### PROBLEM TO WORK ON
Output the records below in full, word for word; pictures do not belong in it.

-------- MATERIAL PROVIDED --------

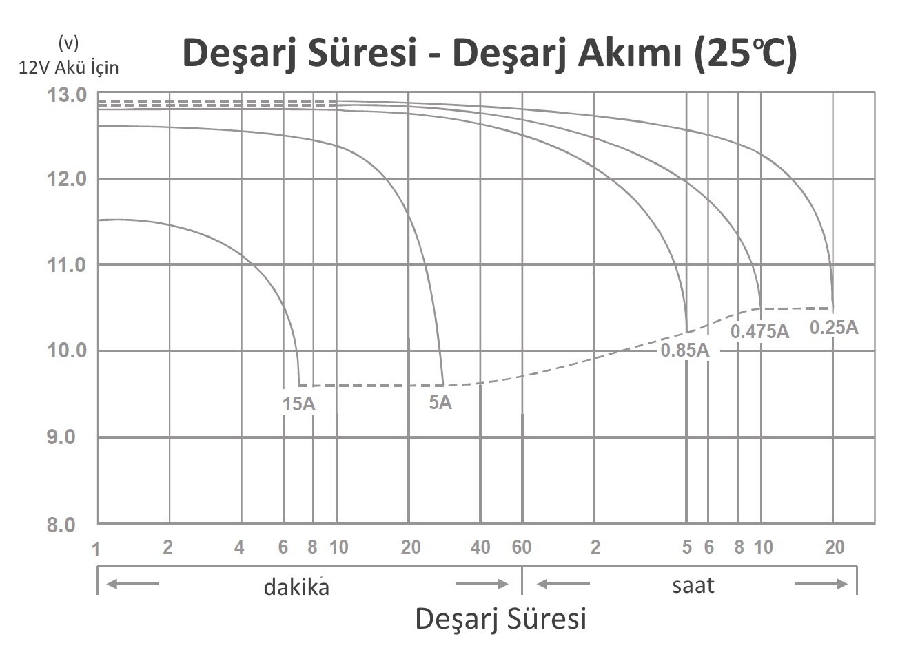 Zaman/F.V | 1,85V | 1,80V | 1,75 V | 1,70V | 1,67V | 1,65V | 1,60V |
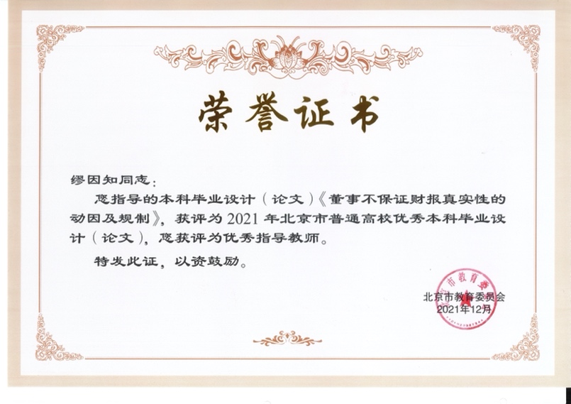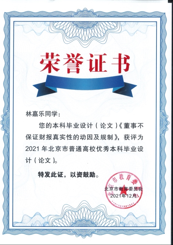 近日,北京市教育委员会公布《北京市教育委员会关于公布2021年北京市普通高等公司优秀本科生毕业设计(论文)名单的通知》(京教函〔2021〕638号),9428cn太阳集团古天乐共计22篇入选,其中,公司2017级本科生林嘉乐同学的《董事不保证财报真实性的动因及规制》获评“2021年北京市普通高校优秀本科毕业论文”,同时,缪因知教授获评“2021年北京市普通高校优秀本科毕业设计(论文)优秀指导教师”。
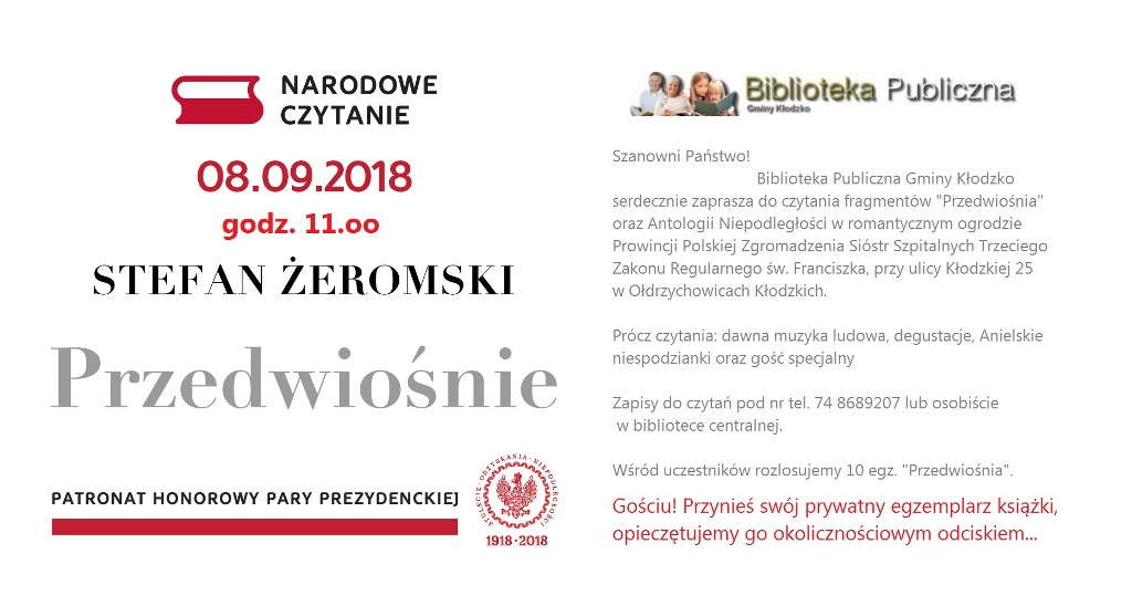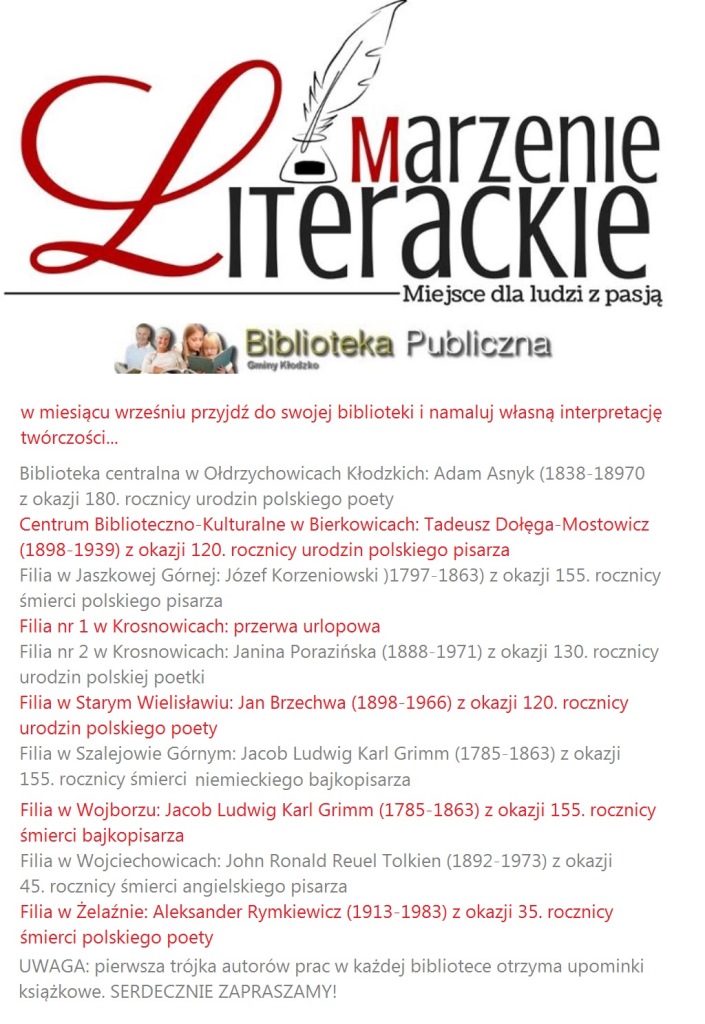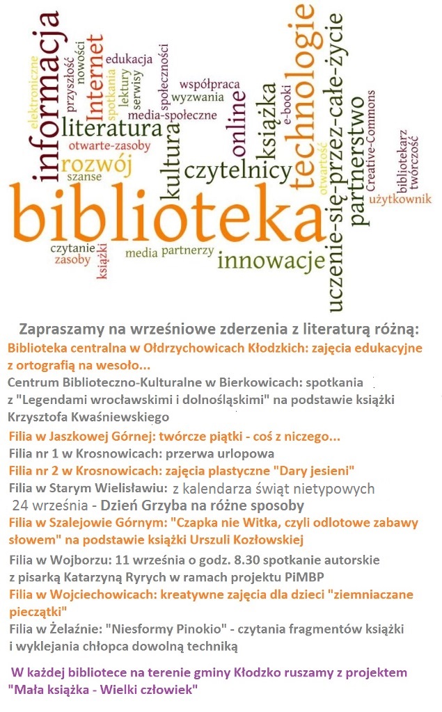 Plan działalności Biblioteki Publicznej Gminy Kłodzko na miesiąc wrzesień 2018
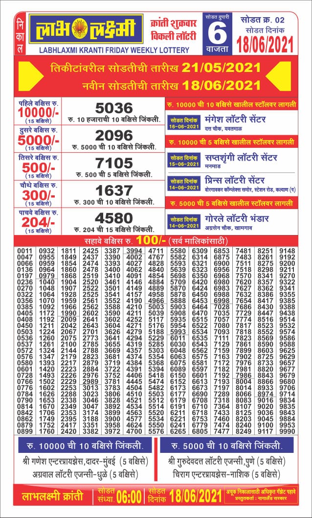 Labhlaxmi 6:00 p.m. lottery 17. 06.2021
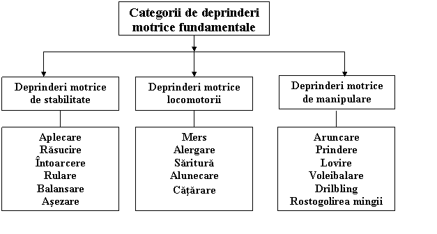 j) Evidentiind ca principala contributie a educatiei fizice si sportului la dezvoltarea personalitatii, formarea deprinderilor de miscare, D.Gallahue (1993) considera ca acestea pot fi clasificate in trei categorii, si anume: deprinderi de stabilitate, deprinderi locomotorii si deprinderi de manipulare. (schema nr.6.1.)
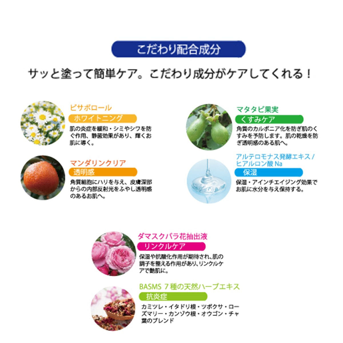 水、マイカ、シクロペンタシロキサン、酸化亜鉛、ジフェニルシロキシフェニルトリメチコン、カプリリルメチコン、イソノナン酸イソトリデシル、 ラウリルPEG−10トリス(トリメチルシロキシ)シリルエチルジメチコン、トリ(カプリル酸/カプリン酸)グリセリルPEG/PPG-19/19 ジメチコン、酸化チタン、BG、ツボクサエキス、マンダリンオレンジ果皮エキス、オウゴン根エキス、イタドリ根エキス、ビサボロール、カンゾウ根 エキス、チャ葉エキス、アセチルヒアルロン酸Na、ヒアルロン酸Na、加水分解ヒアルロン酸、ローズマリー葉エキス、カミツレ花エキス、マタタビ果実 エキス、ダマスクバラ花エキス、アルテロモナス発酵エキス、イソステアリン酸、セテス-10、ジメチコン、ミリストイルメチル−β−アラニン (フィトステリル/デシルテトラデシル)、硫酸Mg、水酸化Al、ステアリン酸、ステアリン酸イヌリン、グリチルレチン酸ステアリル、トコフェロール、ペンチレングリコール、フェノキシエタノール、ハイドロゲンジメチコン
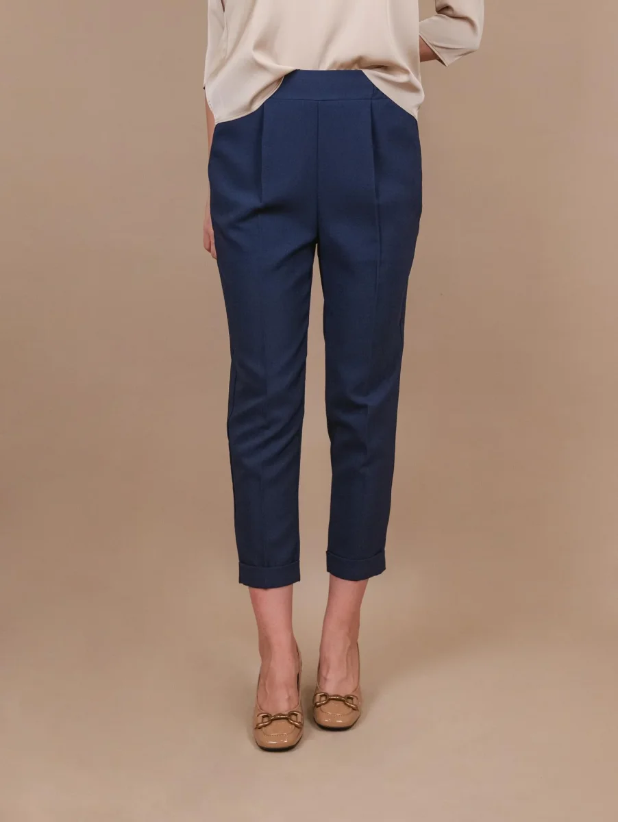 PANTALONE CON PINCES IN TESSUTO TECNICO BLU
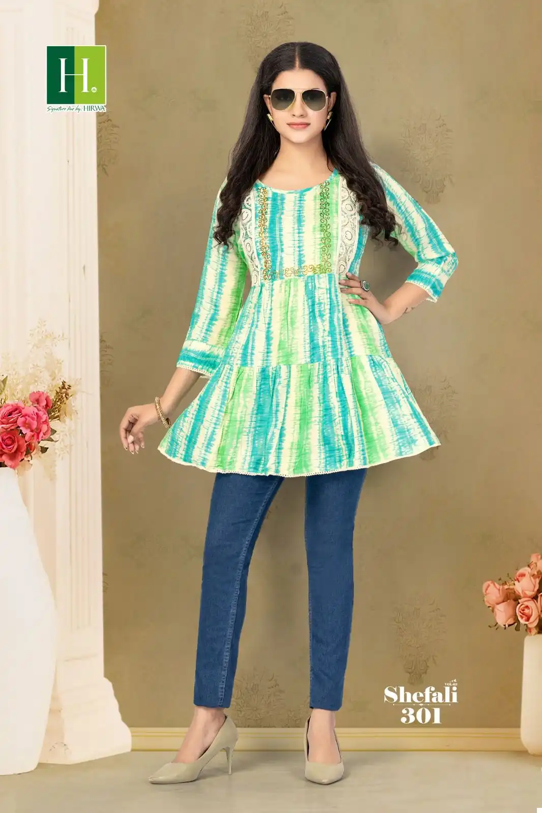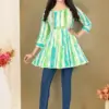 Top: Our Heavy Rayon Procian Prints Top is a celebration of color and design. Crafted from high-quality Rayon fabric, it boasts vibrant procian prints that add a touch of flair to your outfit. The foil and embroidery work elevate the top’s visual appeal, creating a shimmering effect that catches the eye. The top’s design offers a versatile and trendy look suitable for various occasions, allowing you to express your style effortlessly. The Rayon fabric ensures comfort and breathability while maintaining a fashionable appearance.
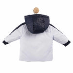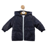 A lovely smooth reversible blue puffer jacket for boys by Mintini Baby. Softly padded for comfort and warmth, it fastens with a zip down the front. There are useful pockets on the front and the fixed hood.
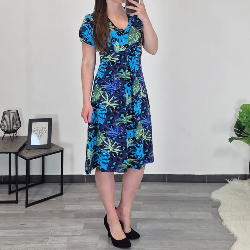 Modna ženska obleka v kombinaciji modre, črne in zelene. Obleka ima kratka rokava in V izrez. V predelu prsi je rahlo oprijeta potem pa krojena navzven. Izdelana je iz kvalitetne viskoze, zato diha in lepo pade. Na voljo od številke S do XXL.
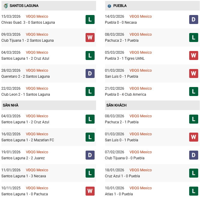 - Santos Laguna thắng 3, hòa 2, thua 5 trong 10 trận gặp Puebla gần đây.
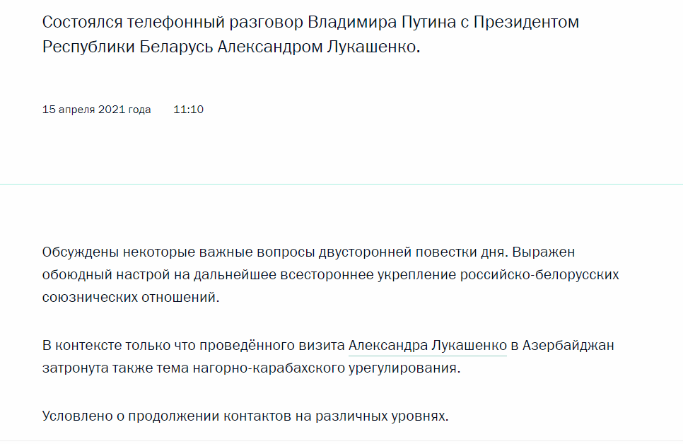 当地时间4月15日,俄罗斯总统网站发布消息称,俄罗斯总统普京与白俄罗斯总统卢卡申科通电话,就纳卡地区局势交换了意见,商定继续在各层级就此问题保持沟通。
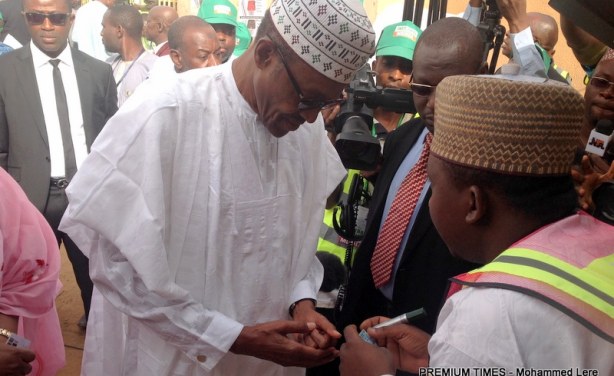 Muhammadu Buhari, presidential candidate of the All Progressives Congress, APC being accredited at his polling unit.
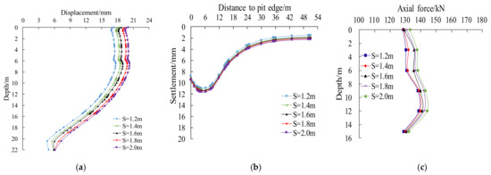 Influence curve of different pile spacing: (a) Horizontal displacement of piles, (b) Ground settlement, (c) Axial force.
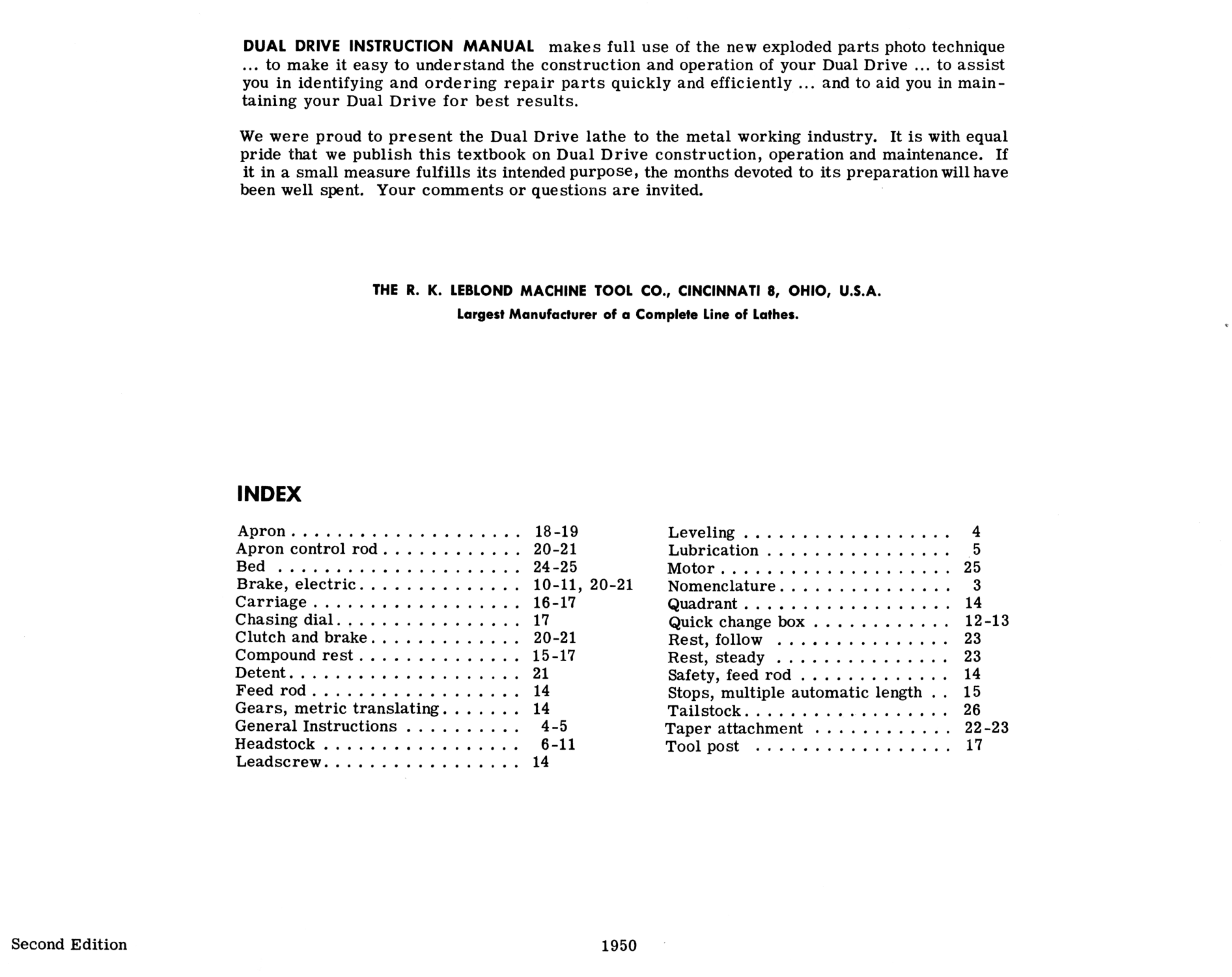 This is a reproduction, not a photocopy, of an original LeBlond Regal Dual Drive Metal Lathe Instruction and Parts Manual. This manual contains information on setting up this lathe, and proper operating procedures. The LeBlond lathe manual includes lubricating instructions and a complete set of explosive/pictorial view parts diagrams.

--------

### RESPONSE TO THE EXERCISE
 Zaman/F.V | 1,85V | 1,80V | 1,75 V | 1,70V | 1,67V | 1,65V | 1,60V |
 近日,北京市教育委员会公布《北京市教育委员会关于公布2021年北京市普通高等公司优秀本科生毕业设计(论文)名单的通知》(京教函〔2021〕638号),9428cn太阳集团古天乐共计22篇入选,其中,公司2017级本科生林嘉乐同学的《董事不保证财报真实性的动因及规制》获评“2021年北京市普通高校优秀本科毕业论文”,同时,缪因知教授获评“2021年北京市普通高校优秀本科毕业设计(论文)优秀指导教师”。
 Plan działalności Biblioteki Publicznej Gminy Kłodzko na miesiąc wrzesień 2018
 Labhlaxmi 6:00 p.m. lottery 17. 06.2021
 j) Evidentiind ca principala contributie a educatiei fizice si sportului la dezvoltarea personalitatii, formarea deprinderilor de miscare, D.Gallahue (1993) considera ca acestea pot fi clasificate in trei categorii, si anume: deprinderi de stabilitate, deprinderi locomotorii si deprinderi de manipulare. (schema nr.6.1.)
 水、マイカ、シクロペンタシロキサン、酸化亜鉛、ジフェニルシロキシフェニルトリメチコン、カプリリルメチコン、イソノナン酸イソトリデシル、 ラウリルPEG−10トリス(トリメチルシロキシ)シリルエチルジメチコン、トリ(カプリル酸/カプリン酸)グリセリルPEG/PPG-19/19 ジメチコン、酸化チタン、BG、ツボクサエキス、マンダリンオレンジ果皮エキス、オウゴン根エキス、イタドリ根エキス、ビサボロール、カンゾウ根 エキス、チャ葉エキス、アセチルヒアルロン酸Na、ヒアルロン酸Na、加水分解ヒアルロン酸、ローズマリー葉エキス、カミツレ花エキス、マタタビ果実 エキス、ダマスクバラ花エキス、アルテロモナス発酵エキス、イソステアリン酸、セテス-10、ジメチコン、ミリストイルメチル−β−アラニン (フィトステリル/デシルテトラデシル)、硫酸Mg、水酸化Al、ステアリン酸、ステアリン酸イヌリン、グリチルレチン酸ステアリル、トコフェロール、ペンチレングリコール、フェノキシエタノール、ハイドロゲンジメチコン
 PANTALONE CON PINCES IN TESSUTO TECNICO BLU
 Top: Our Heavy Rayon Procian Prints Top is a celebration of color and design. Crafted from high-quality Rayon fabric, it boasts vibrant procian prints that add a touch of flair to your outfit. The foil and embroidery work elevate the top’s visual appeal, creating a shimmering effect that catches the eye. The top’s design offers a versatile and trendy look suitable for various occasions, allowing you to express your style effortlessly. The Rayon fabric ensures comfort and breathability while maintaining a fashionable appearance.
 A lovely smooth reversible blue puffer jacket for boys by Mintini Baby. Softly padded for comfort and warmth, it fastens with a zip down the front. There are useful pockets on the front and the fixed hood.
 Modna ženska obleka v kombinaciji modre, črne in zelene. Obleka ima kratka rokava in V izrez. V predelu prsi je rahlo oprijeta potem pa krojena navzven. Izdelana je iz kvalitetne viskoze, zato diha in lepo pade. Na voljo od številke S do XXL.
 - Santos Laguna thắng 3, hòa 2, thua 5 trong 10 trận gặp Puebla gần đây.
 当地时间4月15日,俄罗斯总统网站发布消息称,俄罗斯总统普京与白俄罗斯总统卢卡申科通电话,就纳卡地区局势交换了意见,商定继续在各层级就此问题保持沟通。
 Muhammadu Buhari, presidential candidate of the All Progressives Congress, APC being accredited at his polling unit.
 Influence curve of different pile spacing: (a) Horizontal displacement of piles, (b) Ground settlement, (c) Axial force.
 This is a reproduction, not a photocopy, of an original LeBlond Regal Dual Drive Metal Lathe Instruction and Parts Manual. This manual contains information on setting up this lathe, and proper operating procedures. The LeBlond lathe manual includes lubricating instructions and a complete set of explosive/pictorial view parts diagrams.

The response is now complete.